For those unfamiliar with the term, a “threshold concept” is an idea that, once understood, completely reframes the way you view a topic. It’s like seeing a hidden image in that it’s very difficult to un-see the image afterward. Threshold concepts are so fundament to understanding that it’s actually necessary to understand the concept in order to progress in the field.

Let’s look at the ACRL Framework to better understand how such concepts work. The six concepts are:

  • Authority is Constructed and Contextual
  • Information Creation as a Process
  • Information Has Value
  • Research as Inquiry
  • Scholarship as Conversation
  • Searching as Strategic Exploration

If you understand these concepts, you’ll easily see, for example, why a scholarly article may be an appropriate source for one research project while a blog post would be better for a different project, depending on the topic. Or why searching doesn’t always turn up the content you are looking for on the first try. Etc.

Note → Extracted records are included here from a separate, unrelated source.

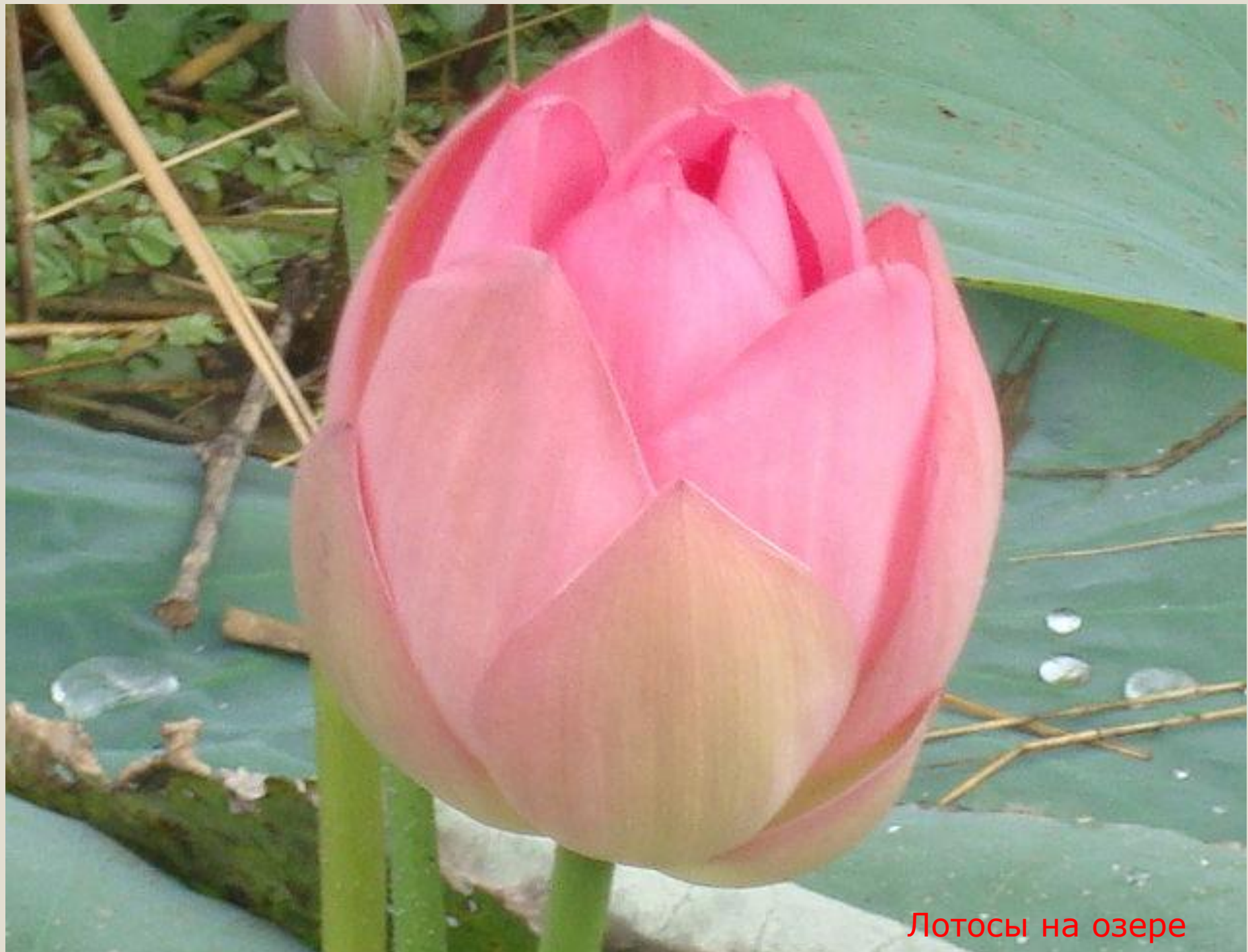
Лотосы на озере
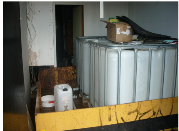
Invallningen för klortankarna fungerar som tänkt.
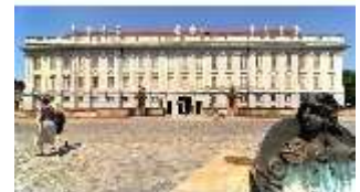
AnsRes.I, Residenz, Hauptfassade, DI000696, BSV

This blog post is not about the new Framework, but rather how the Framework challenged me to think about what the threshold concepts are for data management. Taking a stab at it (directly cribbing from the Framework), I have three ideas:

  • Data is Contextual
  • Data Management is a Process
  • Data Has Value

Let’s look at these individually to get into what I mean in each case.

First, data is contextual. That means that data never exists independently of the information about how it was acquired and processed. Just like a chemist records notes about her data in a lab notebook, so should any dataset come with enough documentation to be understood by someone who is not the dataset creator. Without this extra information, the data is practically useless.

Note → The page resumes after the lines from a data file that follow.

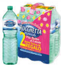
ROCCHETTA ACQUA NATURALE 1,5 LITRI
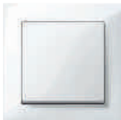
Taster, M-Pure aktivweiß
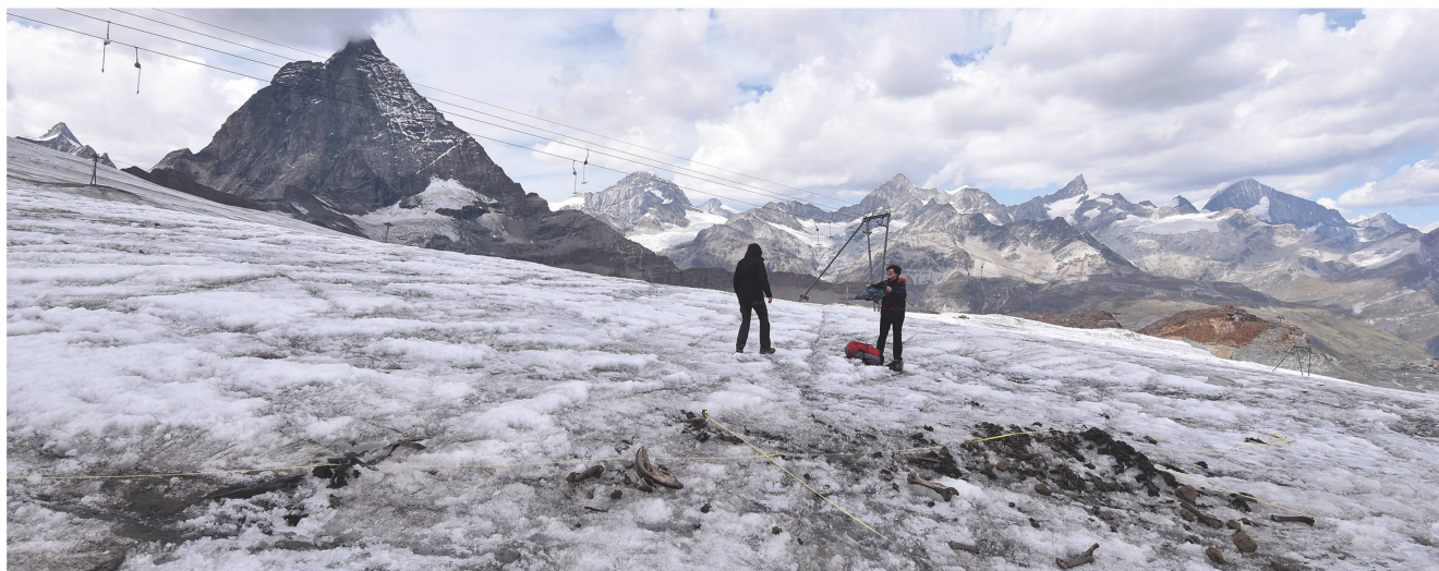
3 Documentation et prélèvement des restes d'un mulet sur le glacier du Théodule supérieur. À l'arrière-plan à gauche, le Cervin.

Dokumentation und Bergung der Überreste eines Maultiers auf dem Oberen Theodulgletscher. Links im Hintergrund das Matterhorn.
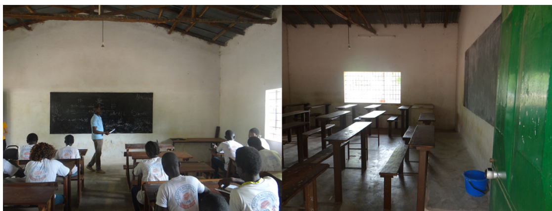
Figura 1 - Sala de aula do Liceu Gino Ambrosi em Tite, Guiné-Bissau.
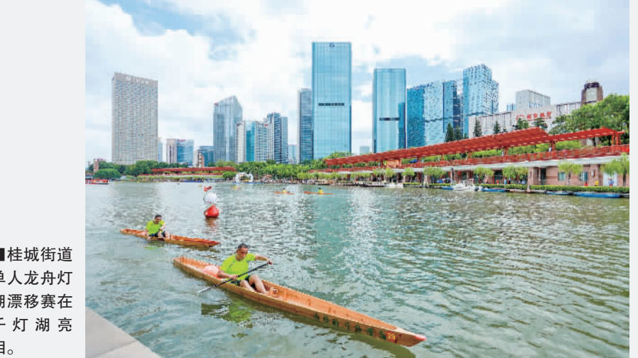
■桂城街道单人龙舟灯湖漂移赛在千灯湖亮相。
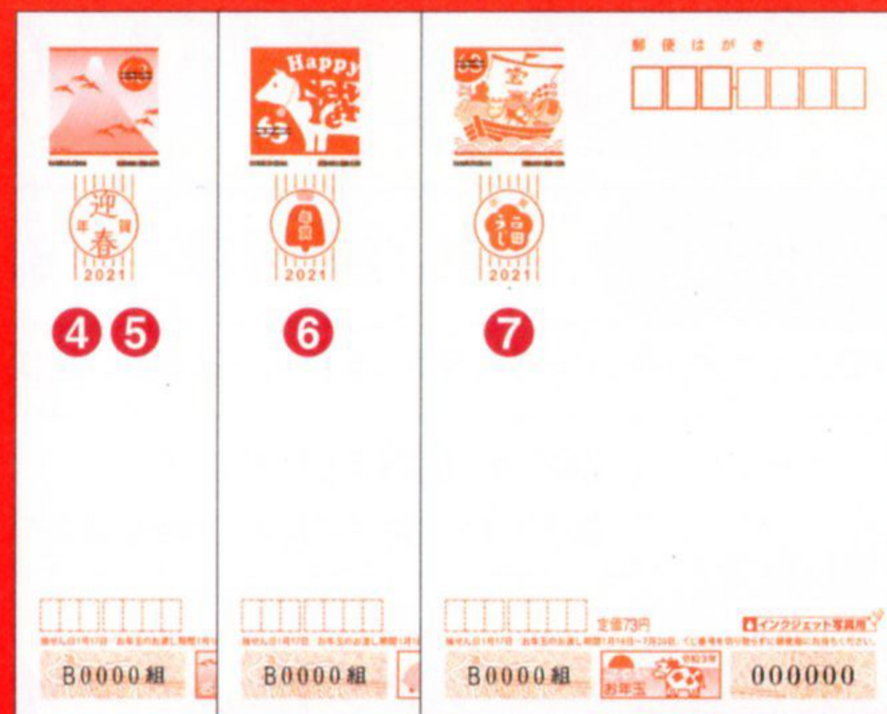
④ 無地 ⑤ 無地(くぼみ入り) 63円 ⑥ 無地(インクジェット紙) 63円 ⑦ 無地(インクジェット写真用) 73円
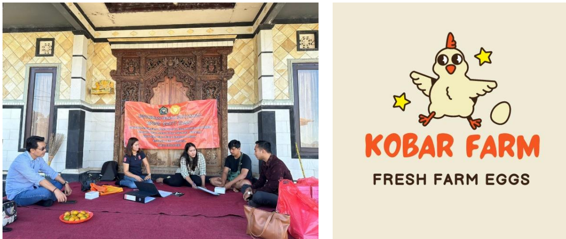
Gambar 1. Edukasi Pentingnya Pemasaran dan Brand Awareness
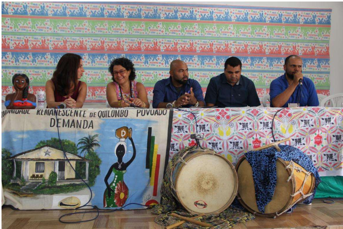
Figura 23. Mesa de Abertura da Oficina.
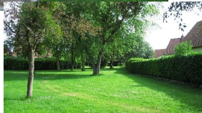
Cimetière britannique et la coulée verte du Parc
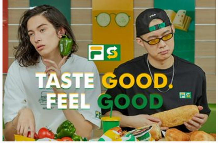
콜라보레이션 마케팅 (서브웨이-필라)
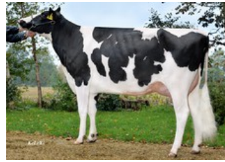
Brigitta PP RDC VG-87
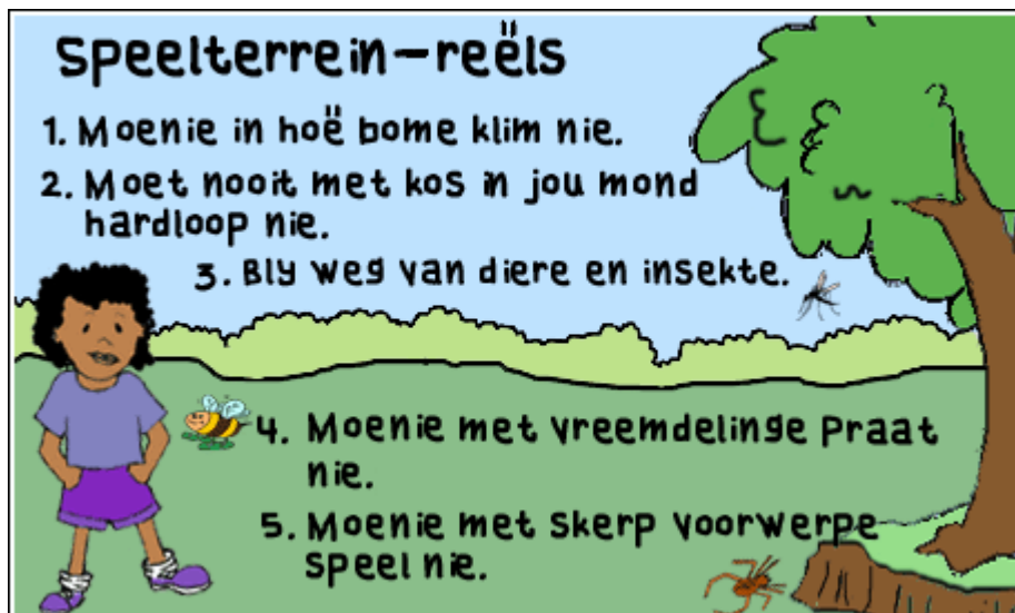
Skets 2: 2anv19

Second, data management is a process. It’s not something that you do once and are done with forever. It’s a process by which you take better care of your data continually over time. That doesn’t mean that it’s incredibly difficult. Rather, it’s like doing regular preventative maintenance to avoid disaster.

Third, data has value. This is something that many researchers are currently grappling with due to new data sharing requirements. If you can understand that your data has value, you can see how published data adds richness to an article, why data should be preserved after the end of a project, and why other researchers might want to use your data (hint: it’s valuable!).

These three ideas are by no means the final say on threshold concepts in data management, only my initial ideas. I’m still mulling them over (for example, I’m wondering if “data is contextual” and “data has value” are truly independent concepts) and trying to figure out if there are more concepts in this field.

I would love to hear other people’s ideas about threshold concepts in data management. Has anyone had an “aha!” moment about something that really affected the way they think about data management? Let me know!